The US has one of the most wasteful healthcare systems in the world—we spend around 17 percent of our GDP on health, but experience poorer health outcomes than most other high-income countries. Part of that excess spending is lost to no-shows: patients who don't come to their appointments cost the health system an estimated $150 billion per year, partly because 3.6 million people can't access adequate transport on time.
Rideshare companies have been positioning themselves to help close that gap, while angling to get government funding to take patients to health appointments. Uber and Lyft have built partnerships with insurance companies, hospital systems, and clinics in hopes they can provide more efficient, non-emergency transport for patients trying to get to their appointments. And they say they can save our healthcare system plenty of money doing it.

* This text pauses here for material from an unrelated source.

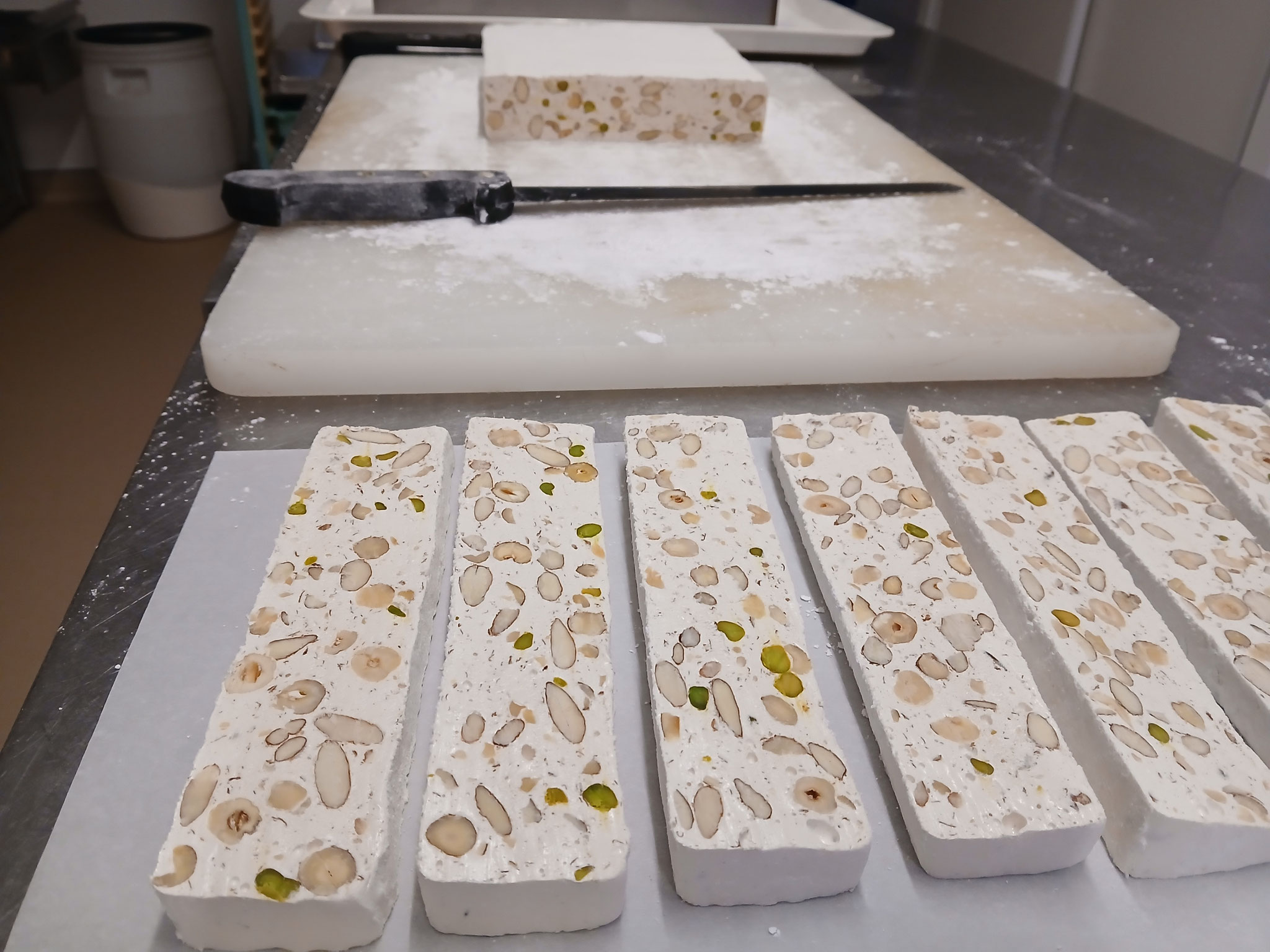 Je propose un nougat tendre de grande qualité avec plus de 20% de miel et plus de 30% de fruits secs. Pour le nougat "classique", j"utilise des noisettes du Lot et Garonne, des amandes du Portugal et des pistaches. Je peux vous proposer aussi des nougats plus originaux : cranberries-chocolat, figues et noix...
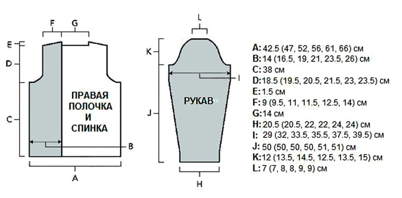 Плотность вязания: 20 петель и 27 рядов = 10 см лицевой глади, выполненной спицами № 4.5;

"For the past three years, we've been focused on non-emergency transport," Megan Callahan, Lyft's Vice President of health, told me through email. "In that time, we've seen endless examples of the positive impact transportation can have...not just on improving overall health, but also by saving costs and increasing operational efficiencies for our healthcare partners."
Earlier this month Lyft announced an expanded partnership with Medicare Advantage plans from health insurance companies BlueCross BlueShield and Humana. Medicare Advantage is a government program for people over 65. Essentially, patients enrolled in these insurance plans, which are funded with government dollars, can access rides to their appointments through Lyft. The rides are billed to their health insurance plan.